MEMPHIS, Tenn., Feb. 29 /PRNewswire-USNewswire/ -- Investigators at St. Jude Children's Research Hospital have discovered a dance of proteins that protects certain cells from undergoing apoptosis, also known as programmed cell death. Understanding the fine points of apoptosis is important to researchers seeking ways to control this process.
In a series of experiments, St. Jude researchers found that if any one of three molecules is missing, certain cells lose the ability to protect themselves from apoptosis. A report on this work appears in the advance online publication of "Nature."
"This is probably the first description of what is happening mechanistically that contributes to the ability of cells to delay apoptosis," said James Ihle, Ph.D., the paper's senior author and chair of the St. Jude Department of Biochemistry. "It provides incredible insights into how three proteins work and how they can control apoptosis."

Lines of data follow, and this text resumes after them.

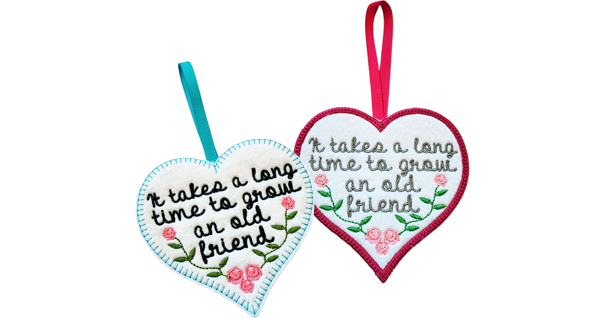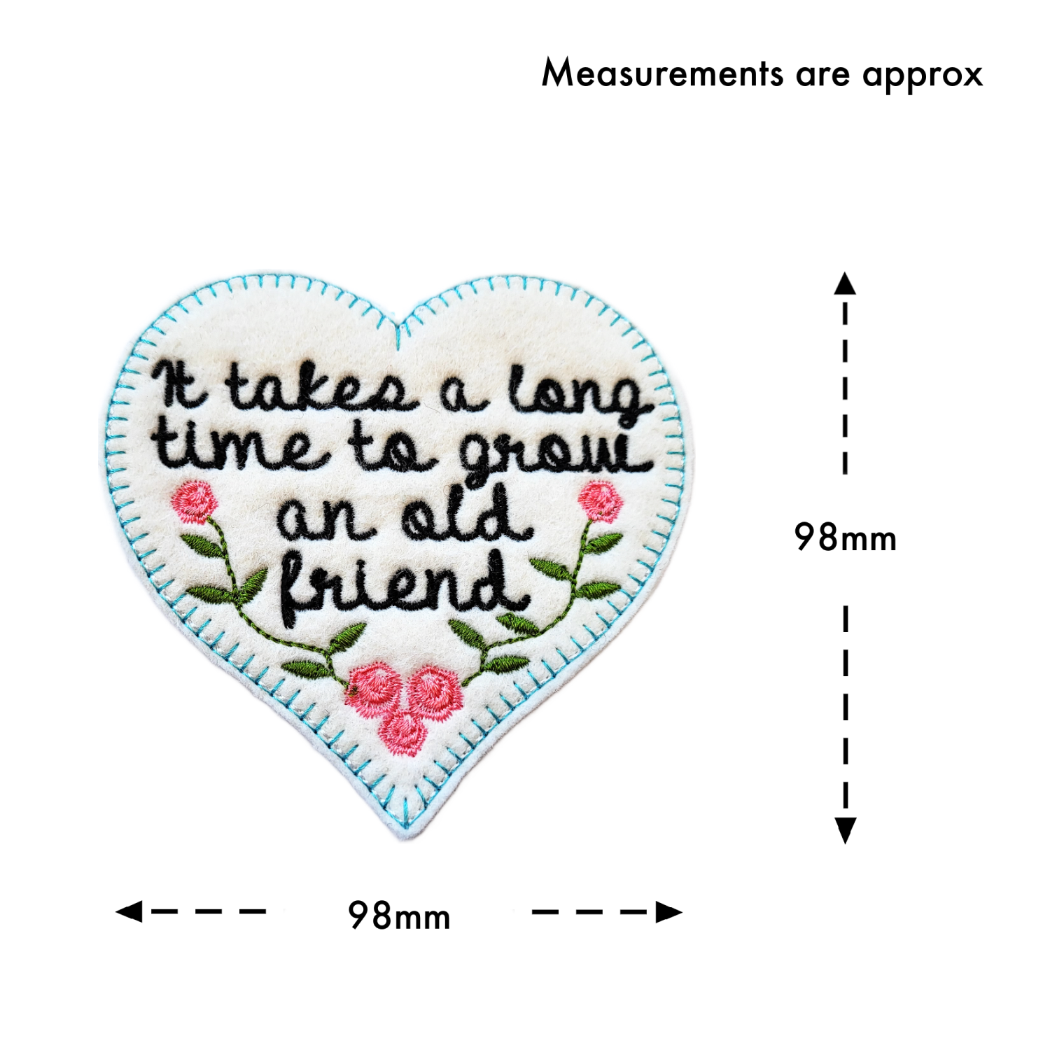 Embroidered with the thoughtful words ‘It takes a long time to grow an old friend’, this heart carries a message of trust, warmth and lasting connection. A gentle reminder that the strongest bonds are formed through time, care and shared moments.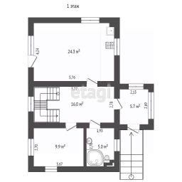 1 этаж: спальня, ванная комната, кухня-гостиная, холл, прихожая, терраса.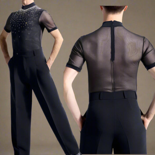 Jet-Black Mesh Dance Shirt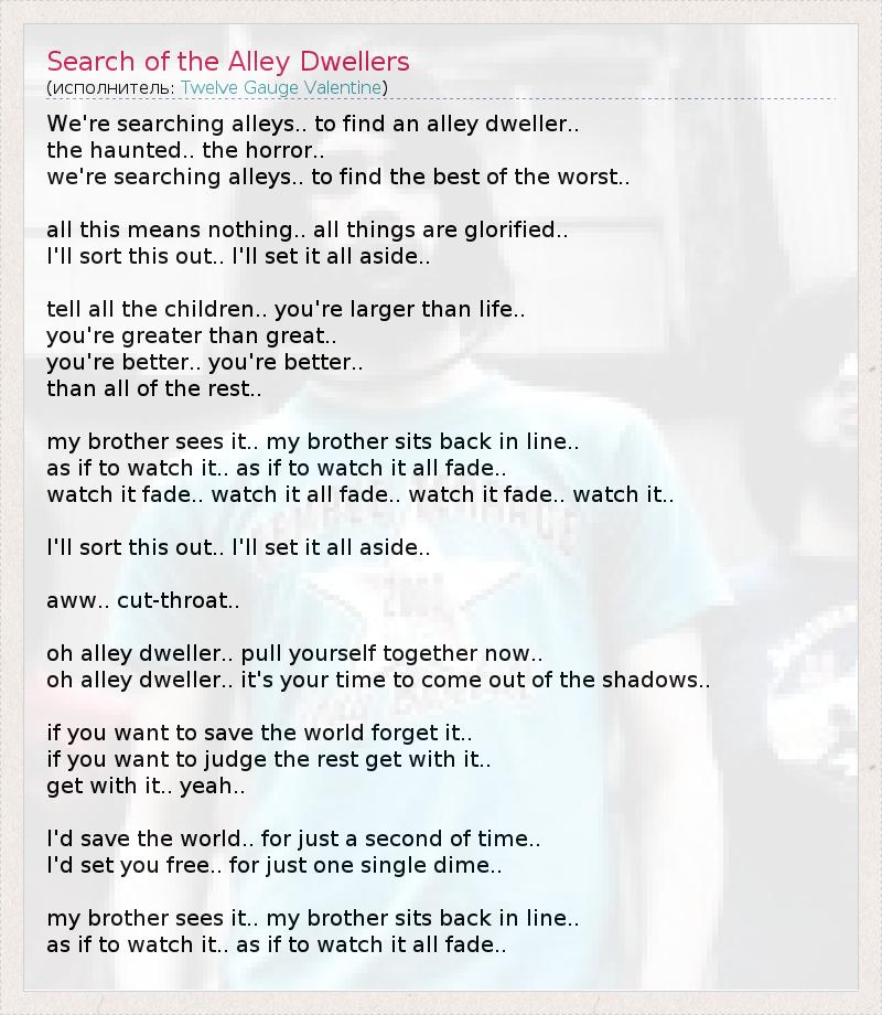 А как ты думаешь, о чем песня "Search of the Alley Dwellers" ?
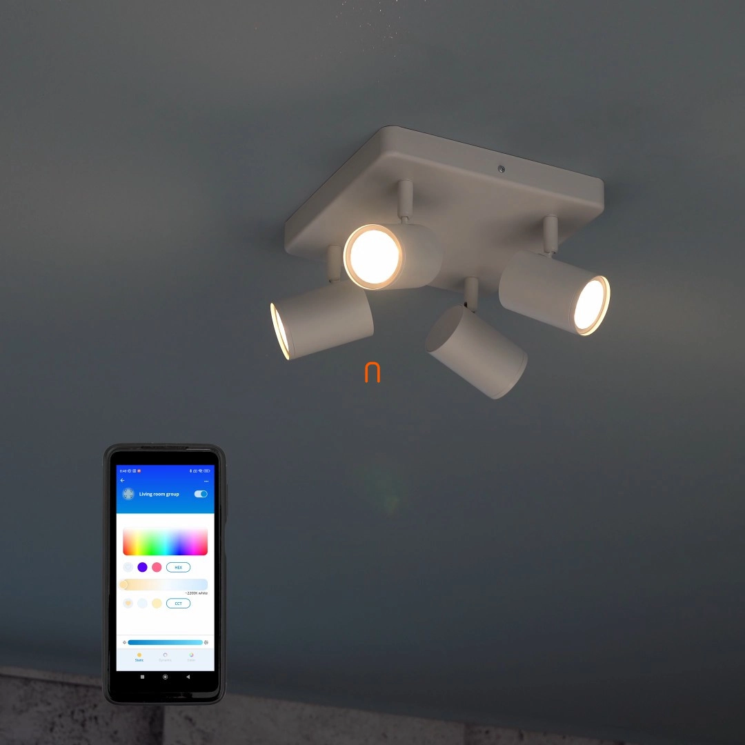 A WiZ Imageo 4x5W 1380lm RGBW mennyezeti spot lámpa négyzet alakú, fehér színű kialakítással rendelkezik, amely modern megjelenést kölcsönöz a belső tereknek. A lámpatest négy darab GU10 foglalattal ellátott, összesen 20 W teljesítményű LED modult tartalmaz, amely 1380 lumen fényáramot biztosít. A fény színe és színhőmérséklete széles tartományban, 2200 és 6500 Kelvin között változtatható, valamint RGBW technológiájának köszönhetően színes világítás is elérhető. A fényerő szabályozható, a vezérlés Bluetooth és Wi-Fi kapcsolaton keresztül történik, így kompatibilis okosotthon rendszerekkel is. A lámpa IP20-as védettséggel rendelkezik, beltéri használatra alkalmas. A termék átlagos élettartama 15 000 óra, méretei 220x220x123 mm. A csomag tartalmazza a fényforrásokat is, a gyártó Signify.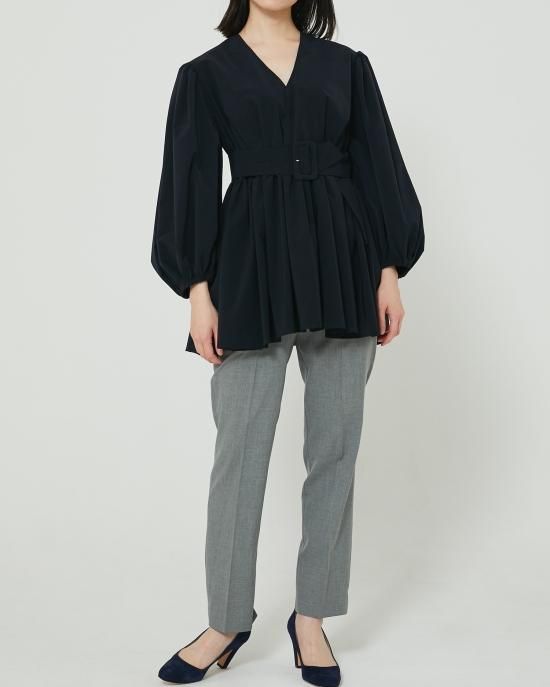 ベルトの有無で違った雰囲気を楽しめるブラウス。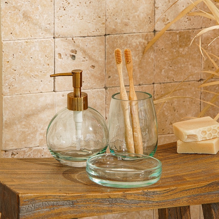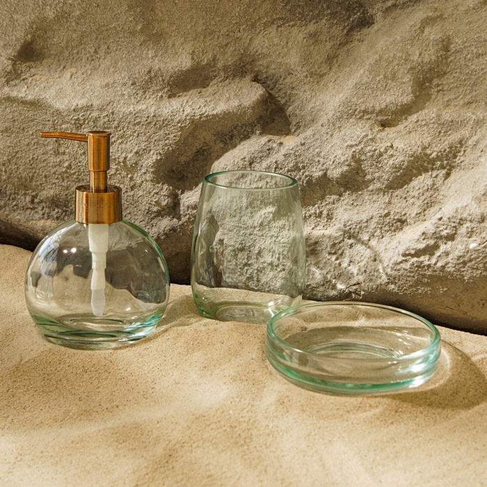 Изготовленные из прозрачного стекла, все элементы набора излучают элегантность и нежность, легко вписываясь в любой интерьер. Отсутствие ярких рисунков и однотонный дизайн делают эти аксессуары универсальными, что позволяет им сочетаться с разнообразными стилями оформления.
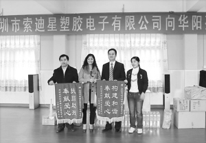 昨日,觀瀾街道華陽特殊兒童康復中心熱鬧非凡,深圳市索迪星塑膠電子有限公司陽海華總經理及10多名觀瀾義工和一批愛心人士向學校的智障兒童簽訂了捐助協議并捐贈了點讀筆。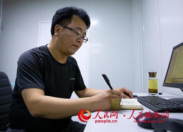 王占忠在办公室学习各项政策。人民雄安网 宋烨文摄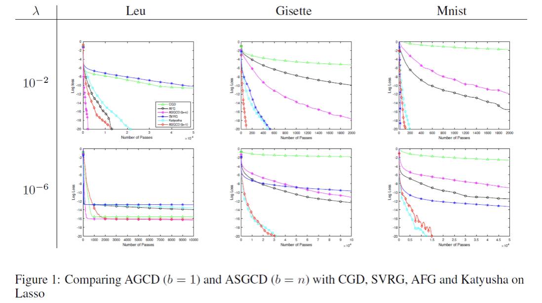 关于该算法的参数设置等说明请见原文。ASGCD 算法具有理论上的最优收敛率,而且对样本稠密且解稀疏的问题,ASGCD 相对于当前最好的算法,如 Katyusha,具有更好的收敛速度。实验如下所示,也验证了这一点。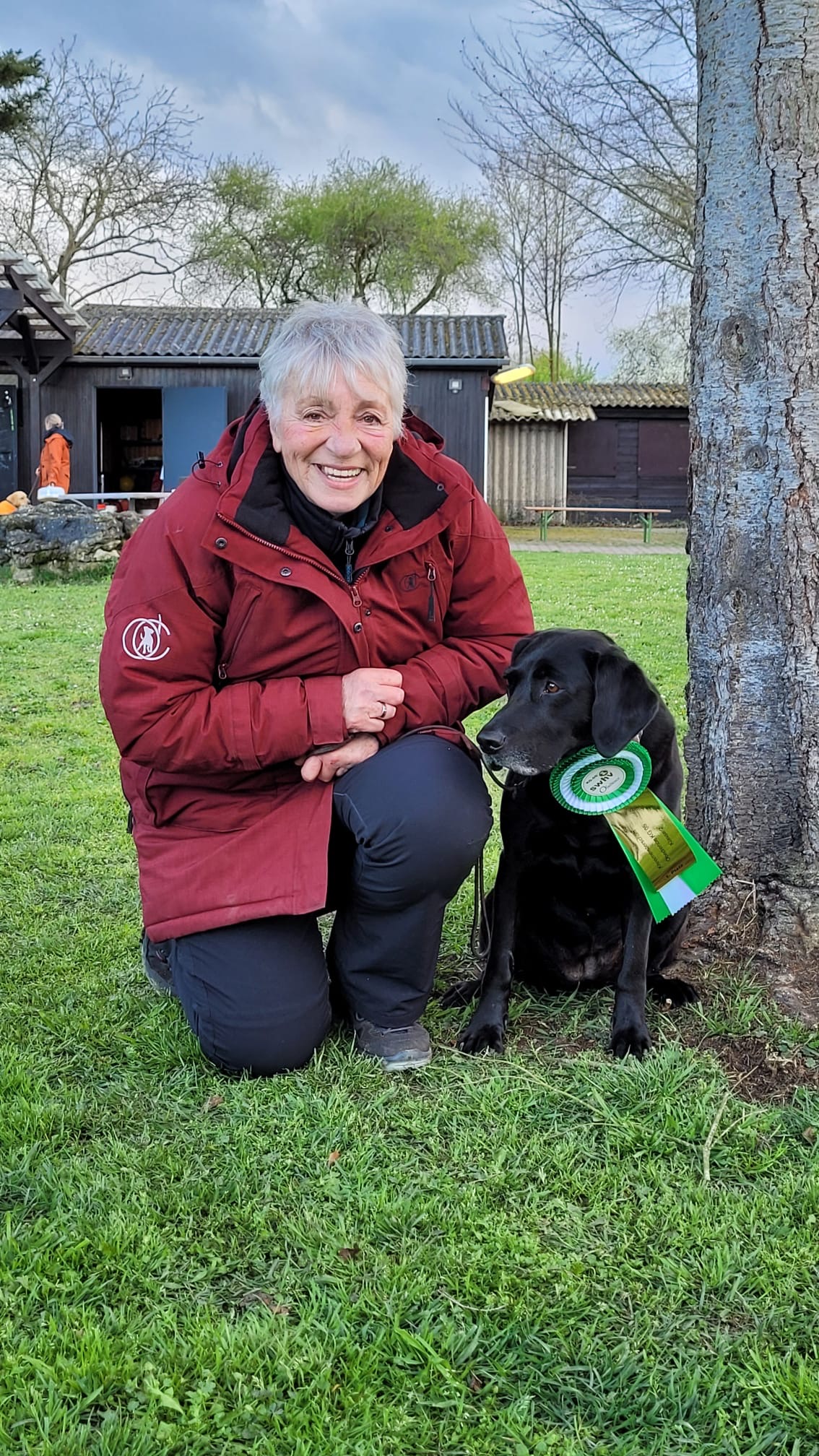Doris erhält mit Waldstürmer Chili in der Kreismeisterschaft Obedience Klasse 2 ein Vorzüglich.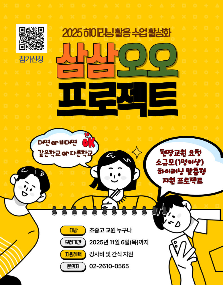 ‘삼삼오오 프로젝트’는 교원이 원하는 대상·일시·장소·내용·방법에 맞추어 운영되는 소규모 현장 맞춤형 프로그램으로, 현장의 요청을 즉시 반영해 제공하는 촘촘한 하이러닝 지원이 특징이다. 신청 인원이 1명이어도 운영 가능하며, 하이러닝 멘토링·모니터링·실습 연수·운영 사례 나눔 등 대면·비대면 방식 중 교사가 원하는 형태로 제공됐다. 특히 교원이 요청한 시간에 최소 1시간부터 자유롭게 운영되어 연수 참여 편의성을 크게 높였다.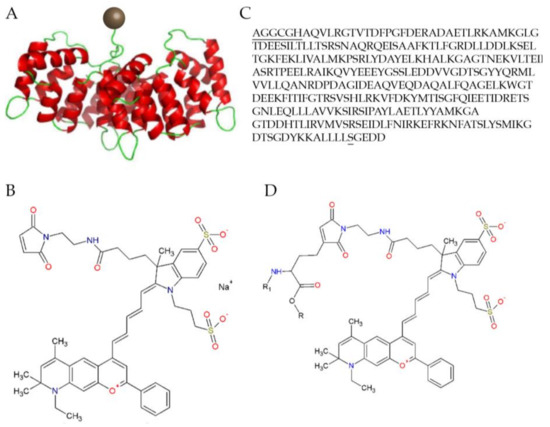 The structure of the Dy-776-mal labelled annexin V128 molecule: (A) Diagrammatic representation with the Dy-776-mal label represented with a brown sphere and the annexin molecule in red and green; (B) The molecular structure; (C) The optimized amino acid sequence of Anx V128, with the additional amino acids at the N-terminus containing the cysteine and mutated serine; and (D) The molecular structure of the fluorescent conjugation of ANX776 [85].

The molecular interactions that St. Jude researchers describe in "Nature" play out in nerve cells and blood cells that develop from hematopoietic (blood-forming) stem cells.
A research team elsewhere recently reported that Kostmann's syndrome, a potentially fatal inherited deficiency of granulocytes in children, caused by excessive apoptosis of granulocytes, results from a deficiency in one of the three proteins, called Hax1.
"This suggests that the protein is playing basically the same role in humans as we described in mice," Ihle said.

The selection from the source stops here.